3/17/2009

Temporal Piggy-banks

Time is money when you weave your way through a slow-moving crowd, muttering obscenities as you contemplate the important meeting you are late for.

Time is pleasure when you inch your car toward your turn, hoping to intimidate a pedestrian into interrupting her leisurely stroll and hurrying up.

Sometimes I wonder, what will you do with those few seconds you saved?

Do you go home and place your precious seconds in a temporal piggy-bank, waiting to accumulate enough time to finish your violin concerto or the great Canadian novel?

Will you squeeze in an extra sentence in the bedtime story you grudgingly read to your child?

Or will you finally have enough spare time to tell your spouse I love you before it is too late and regrets set in?

3/03/2009

Waste Not, Want Not

Last fall, my mother made a delicious preserve using fruit from an apple tree she found in our neighborhood. My mother was surprised that this apple tree was not picked clean by hungry scavengers; people walking by the tree were not tempted by its supple fruit, preferring to leave the apples on the ground to form compost.

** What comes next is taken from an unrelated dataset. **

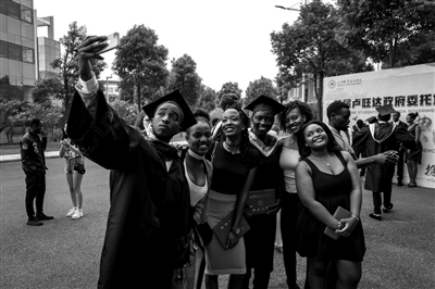 日前,金华职业技术学院举行了首届卢旺达政府委托培养班学生毕业典礼,首批32名学生顺利完成了学业。2014年,金职院启动了与卢旺达方面的五年合作计划,金职院派遣优秀教师前往卢旺达,推动当地高职教育发展,并建立卢旺达海外分校,开展汉语和职业技术培训,帮助当地培养实用型技术技能人才。图为卢旺达留学生及亲友在毕业典礼现场拍照留念。

Having grown up in a country where food shortages were not uncommon, my mother could not imagine letting the apples she found go to waste. Despite living in a country blessed with an embarrassing abundance of food, she has not forgotten to Waste Not, Want Not.

Then there's me.

Despite the example of my mother, I am ashamed to admit I have adopted the culture of waste that many of us are fortunate to experience. I say fortunate, because it truly is fortunate to live in a country where food is so plentiful, you don't think twice about wasting it.

My behaviour is all the more baffling because I often deride the vapid consumerism that leads to a culture of waste whilst scraping my leftovers from dinner into the trashbin. Perhaps it's time to confront this incongruence and resolve to minimize my contribution to the culture of waste.